50+ questions were asked during registration, and 80+ came online. There were many duplicates, which made us realize that a few key topics required more attention from our side. We handled the questions during the webinar and followed up on some by email afterwards. Still, there are a few questions worth mentioning here, along with the answers.

Q: Template and generic programming debugging can be a pain compared to standard programming. Any tips to improve error/exception visibility and verbosity?
A: We can recommend a couple of tools here: Metashell and Templight. In the future, we plan to get some of these tools or some similar approaches integrated natively into CLion (CPP-4745).

Q: What would you recommend for improving CLion’s performance on my project?
A: Please check these Performance Tuning Tips from our webhelp. With any particular issue, please contact our support (clion-support@jetbrains.com) or file a detailed report in our tracker.

Q: Any plans for native support for Meson?
A: No clear plans for now (CPP-4926), but you can open Meson projects in CLion via compilation database (see this short instruction).

Q: What are your plans for more native Docker support? Not over ssh but just using Docker exec to perform Docker commands with mapped drives and no rsync.
A: First of all, there’s a feature request you can follow for updates and comments – CPP-13751. The great news is that we are considering making these improvements as soon as possible.

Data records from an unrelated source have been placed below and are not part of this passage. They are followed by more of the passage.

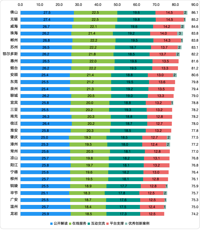 地级市政府中:佛山、无锡、威海、珠海/郴州、苏州、鄂尔多斯、惠州、烟台、安顺、东莞、泉州、聊城、宜宾、三亚/南充、宿迁、淮安、肇庆、漳州、常州、凉山、阳江、宁德、柳州、铜陵、毕节、广安、温州和龙岩。
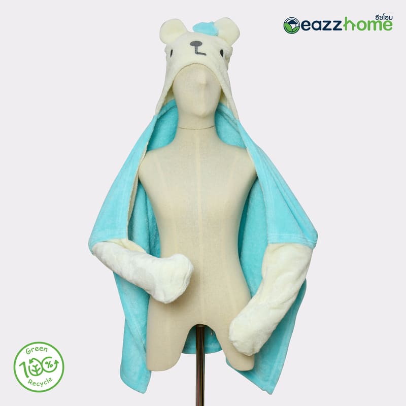 Stepping up your young one’s cosy game with this adorable Eazzie Gang hooded baby blanket with enclosed sleeves. This one comes with a lovely Pol the bear hood and the playful colours of cream and blue. You can use this as a stand-alone garment or as the second layer to wear over pyjamas.
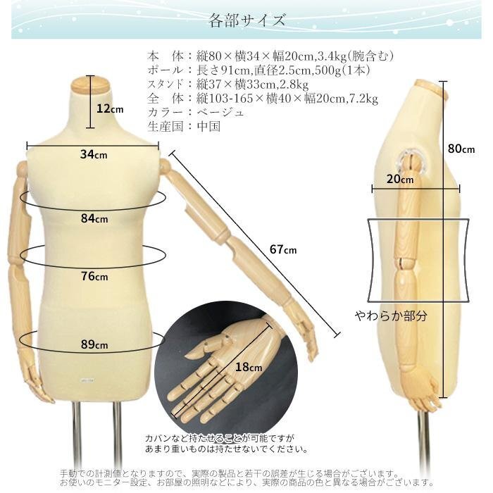 ベージュ色 和装トルソー 腕付きトルソー レディース マネキン 和装ボディ 着付け 着物用 腕 腕付 ###トルソXBBMT-SB-Bベ#
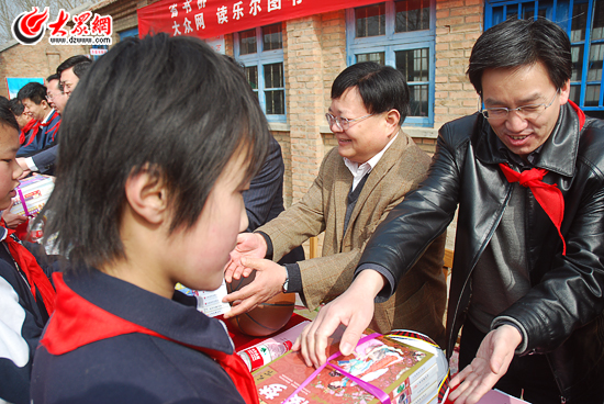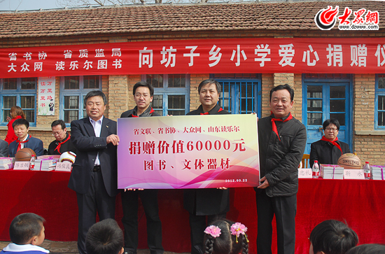 今天上午,山東省書協、山東省質監局、大眾網、山東讀樂爾圖書有限公司在德州市平原縣坊子鄉紅廟小學舉行捐贈儀式,共捐贈了價值10萬余元的愛心圖書和文體器材。山東省文聯副主席、山東省書法家協會主席顧亞龍,山東省質監局黨組成員、紀檢書記姜文俠,山東省網絡文化辦公室副主任馮俊良,大眾網董事長、總經理林忠禮,山東讀樂爾文化傳媒公司董事長孫衍奎等出席捐贈儀式。
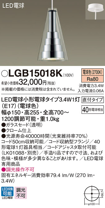 Panasonic LED ¥Ú¥ó¥À¥ó¥È¥é¥¤¥È LGB15018K
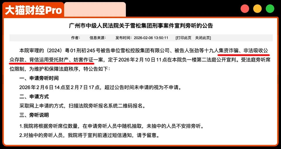雪松控股的老板张劲涉集资诈骗、非吸、背信运用受托财产、妨害作证等,根据法院的预告,判决将在2月10日下来。
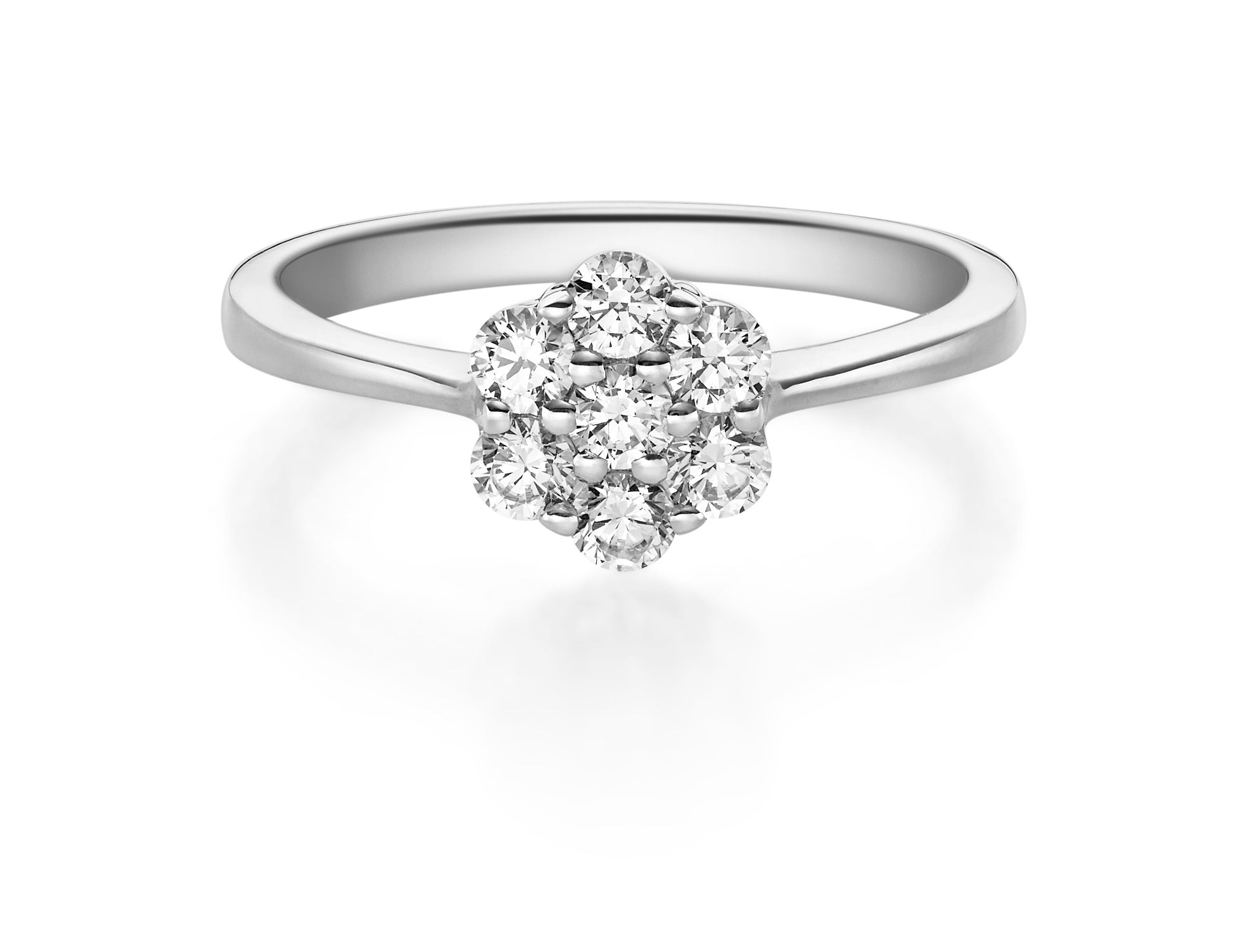 Verlobungsring von Rubin in Weißgold 750/-. Steinbesatz mit zus. 0,147 ct. tw, vs - feines weiß mit sehr kleinen Einschlüssen.

However, there are lots of open questions and interesting implementation challenges.
For example when we build the project model and collect compiler information (header roots, defines, compiler features, all the stuff that’s needed for correct code assistance), we may run the compiler thousands of times. For docker exec this means that for each compiler call, we have to start the docker container, execute the command… and repeat it again and again (start, execute), thousands of times. So the question is, how does the performance of the direct ssh connection compare to docker exec? We still need to investigate this.
And while we agree that project files synchronization is not needed, it’s not clear what we should do with the header roots inside the docker container.
Finally, we’d like to say that some preliminary support might come to CLion as soon as in v2020.2 or v2020.3.

Q: What are your plans for improving the performance of remote development in CLion?
A: The performance of building the CMake model is the most painful step right now (CPP-14984). This happens because the “Reloading CMake Project” step does not just run remote CMake, but it also includes processing CMake output and collecting compiler information (tons of remote compiler calls). So the plan is to reduce the number of remote process calls while collection compiler information. Other fixes include:

  • Do not transfer unnecessary (binary) build artefacts to the local machine (CPP-15095).
  • Improvements to remote project file transfer speed (CPP-14365, CPP-15396).

Q: Do you have any plans to integrate CTest into CLion?
A: We do not plan to directly support CTest at this time. The reason is that CTest pretty much duplicates the functionality of CLion run configurations. This is how you can use CTest via CLion’s built-in Run/Debug configurations:

  1. Open Run | Edit Configurations…
  2. Create a new one using the CMake Application template. Rename it to CTest, for example.
  3. Select All Targets in the Target field.
  4. For the Executable, do Select Other and find ctest executable.
  5. Define Working directory as macro $CMakeCurrentBuildDir$.
  6. You are all set. Simply run the newly created configuration.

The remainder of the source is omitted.